HIST-LIT 90EM: Empire and Archive in the Colonial Americas

Semester: 

Fall

Offered: 

2020

Instructor: Alan Niles
Meeting time: Wednesday, 12:00 - 2:45

Empire and ArchiveHow do we know the histories of colonialism and empire? In this course, we will study how European expansion in the Americas fueled and was fueled by the production of records and representations of colonial spaces and their peoples. We will study how violence and resistance shaped alternative systems of knowledge making among Indigenous and African communities, including oral histories, wampum, featherwork, graffiti, and vodou. We will work with sources by canonical authors including Columbus, Montaigne, Mary Rowlandson, and Juana Inés de la Cruz alongside the works of anonymous or unfamiliar writers, artists, and craftspeople including Afro-Brazilian healers, Tupinambá featherworkers, and the Massachusett and Nipmuc printers who worked in Harvard Yard.
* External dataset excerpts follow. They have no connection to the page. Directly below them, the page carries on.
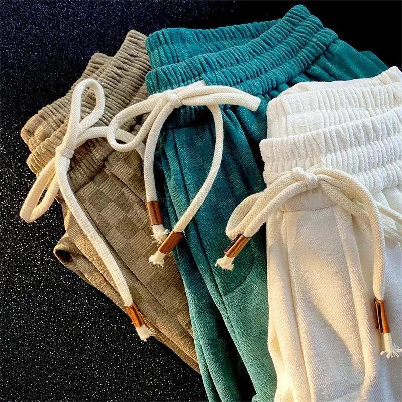 saferido Spring Autumn Plaid Printing Straight Pants Man Street Loose Casual Wide Leg Trousers Korean Style Motion Men's Clothing
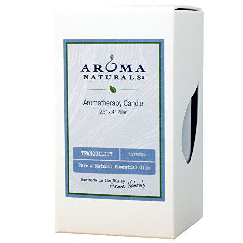 Aroma Naturals Essential Oil Tranquility Pillar Candle, 2.5" x 4", Lavender, 11 Ounce
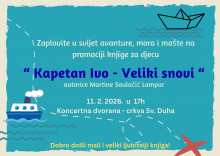 Promocija  knjige za djecu "Kapetan Ivo - Veliki snovi", autorice Martine Saulačić Lompar, održat će se   11. 2.,  u 17 h,  u Koncertnoj dvorani - crkva  Sv. Duha u Kotoru.
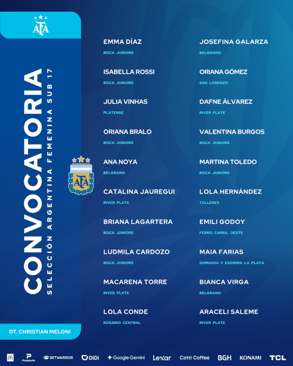 Las convocadas de la Selección argenitna Sub 17 para los amistosos vs. Uruguay:
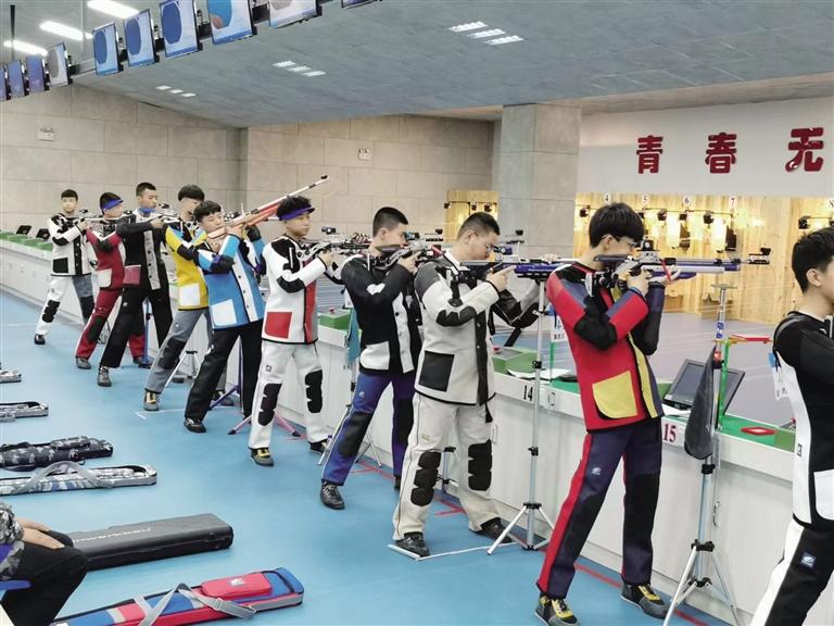 中國甘肅網5月24日訊 據蘭州日報報道(記者 孔德勝 攝)甘肅省第十五(wu)屆(jie)(jie)運動會(hui)首個項目(mu)射擊比賽(sai)(sai)(sai)23日在蘭(lan)州(zhou)市體育運動學校開賽(sai)(sai)(sai),這也揭開了本屆(jie)(jie)省運會(hui)的(de)大幕,首日比賽(sai)(sai)(sai)蘭(lan)州(zhou)市代表團收獲5金2銅。圖為男子乙組10米氣步槍60發(fa)團體賽(sai)(sai)(sai)。
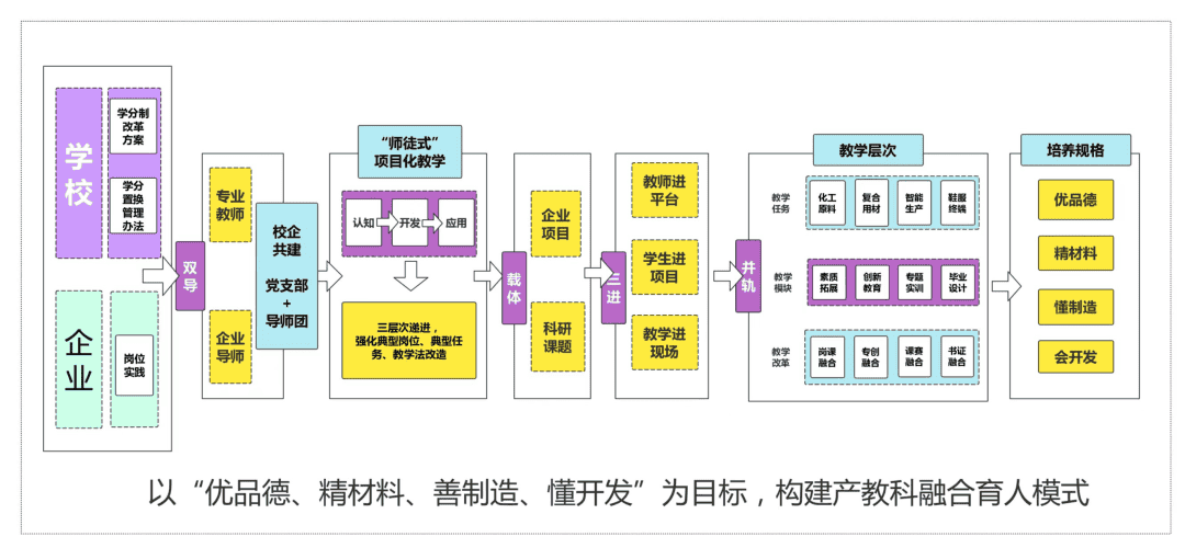 以“優(yōu)品德、精材料、善制造、懂開發(fā)”為目標,構建產教科融合育人模式

Throughout our course, we will ask: what interplay of power, resistance, and chance produces an artwork, document, or memory of the past—or ensures its survival and visibility in the present? What responsibility does a historian or critic have towards the silences of the archive and what strategies might recover marginalized perspectives from the past? How can attending to these histories of the archive shape the stories we tell today?